Dear Tracy, I’ve been married for four years now and lately my husband and I have been having problems. We seem to fight all of the time. It’s not over anything big. Mostly about money or over little things that are just flat out trivial. I don’t know what to do and I want to find a way to bring back the closeness we once had. I had read somewhere that there is a stone you can wear that helps encourage love and compassion. Is there any truth to this? Or am I just holding on to false hope? I just don’t know what to do anymore.
Love is never an easy thing and any good relationship takes a lot of effort on both of your parts. You have made the first step in mending your relationship by admitting you have a problem and actively pursuing a fix for your problems. However, I want you to know there is no magical fix for marital problems. These things take time and a lot of good old fashion talking.
When either of you have a problem, how well do either of you actually LISTEN to the other? Do you actually hear what the other says? Do you know the point they are trying to get across? I have found that when two people are fighting, they hear only what they want to hear. They reflect what THEY think the other is saying and that only makes the fight get worse. For example …. I was recently sick and on my way to see the doctor. On the way there my fiance was driving in a way that would cause the car to be bumpy and it would hurt my stomach even more. I asked him why he was driving so fast and he flipped out, telling me not to tell him how to drive.
In reality what I was trying to say is that his driving was hurting me, not trying to say I thought he was a bad driver. But he was upset and not hearing what I was actually saying. He was only hearing what he THOUGHT I was saying.
This whole fight could have been avoided if I would have expressed myself better and he would have been listening better. Neither of us was in the wrong. We were both wrong. Again excuse me for not expressing myself better and he for not making an effort to truly hear what I was saying. He does that a lot and to be honest, so do I.
Now as for your question about gems and their magical powers. There is actually some truth to this. Gems are a part of the earth and exude a natural energy from them. Over the last few thousand years, people have figured out which type of energy and what each stone is best suited for.
In your particular case, I think you are looking for a garnet stone.
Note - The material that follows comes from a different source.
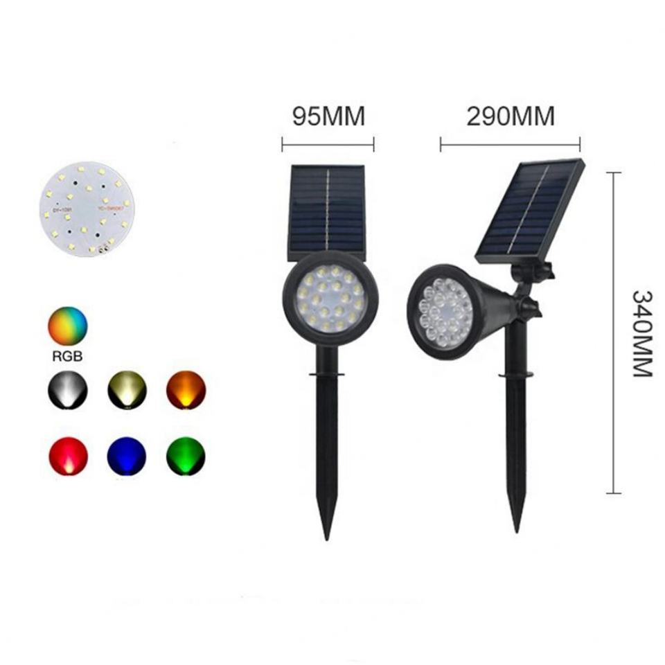 Projecteurs solaires RGB étanches IP65 pour jardin, 18 LED, éclairage extérieur pour pelouse, allée, piquet lumineux décoratif

The garnet stone is associated with purification, regeneration, and warmth. It promotes new beginnings, sexuality, prosperity, and can even help you cope with daily problems. It gives feminine strength, compassion, courage and some say even attraction. It helps to eliminate energy blocks. It can also encourage self-confidence and creativity. Garnet is a stone of romantic love and passion. It is used in metaphysics to enhance sensuality, sexuality, and intimacy. It is said to bring positive thoughts and boost energy.
It is suggested you should place this stone throughout your home, including on the headboard of your bed, and worn on your body as either a necklace or a ring. For matters close to the heart, it is suggested you wear this stone around your heart.
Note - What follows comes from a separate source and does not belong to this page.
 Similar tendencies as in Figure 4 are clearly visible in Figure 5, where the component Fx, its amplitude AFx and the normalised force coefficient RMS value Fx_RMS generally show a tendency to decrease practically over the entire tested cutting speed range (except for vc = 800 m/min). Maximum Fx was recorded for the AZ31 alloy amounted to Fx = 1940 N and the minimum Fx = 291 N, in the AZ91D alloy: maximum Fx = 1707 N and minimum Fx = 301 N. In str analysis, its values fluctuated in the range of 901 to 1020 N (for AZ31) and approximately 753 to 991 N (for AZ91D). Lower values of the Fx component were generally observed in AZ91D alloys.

You don’t have to spend a lot of money on these stones for them to be effective. I’ve heard some people spending hundreds and hundreds of dollars on them and that’s just crazy. I found one on Amazon for under $25!! CLICK HERE to see the garnet stone necklace at Amazon.
One last note on this subject, some say before putting on the stone you should purify it by putting it under running water for at least 60 seconds. I don’t know if there is any truth to this but it was worth mentioning.
2 Responses
i hear you its the every day stuff and nothing new that makes it boring you forget why you fell in love try and talk more dont nag tell him how much you love him and miss all the fun and try to do new things together go fishing to a play try new things in the bedroom brake the cycle of bills and house and kids make it about you and him
im having the same issues… and have had the you’re listening but not hearing me converstion as well… he always tells me im crazy and im “trippin” and i really dont know how else to get through to him.. i feel pushed aside alot of the times when he chooses his friends and family (dad and sister) over me.. we have a family together and that should come first.. am i wrong for thinking that?